Reputation: 109
I am reading a .dat file line by line and I want to separate fields using the delimiter ("\t"), because every field is separated by tab.
However, there are some non-required fields and they can be blank, so if there are two consecutive tabs ("\t"), I want to detect the second one and store a blank String.

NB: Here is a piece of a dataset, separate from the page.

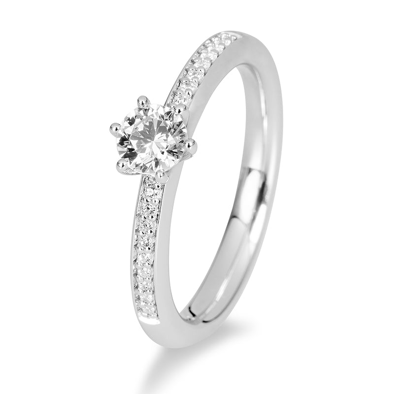 Verlobungsring Solitaire Pavé 6er Krappe Platin

StringTokenizer stringTokenizer = new StringTokenizer(line, "\t");
ArrayList<String> al = new ArrayList<>();
while (stringTokenizer.hasMoreTokens()) {
al.add(stringTokenizer.nextToken());
}
System.out.println(al.size() + " >> " + al);
When I try the above and I have the following input lines:
R 900081458 22222-22-2 1 -1 1 0 0 1
R 245047685 7250-46-6 0 -1 0 0 0 0
R 245048731 13755-29-8 237-340-6 0 -1 0 0 0 0
R 245047201 1080-12-2 214-096-9 0 -1 0 0 0 0
R 1 118725-24-9 612-118-00-5 405-080-4 0 0 0 0 0 0
I can't handle the two consecutive tabs, so I have the following output:
9 >> [R, 900081458, 22222-22-2, 1, -1, 1, 0, 0, 1]
9 >> [R, 245047685, 7250-46-6, 0, -1, 0, 0, 0, 0]
10 >> [R, 245048731, 13755-29-8, 237-340-6, 0, -1, 0, 0, 0, 0]
10 >> [R, 245047201, 1080-12-2, 214-096-9, 0, -1, 0, 0, 0, 0]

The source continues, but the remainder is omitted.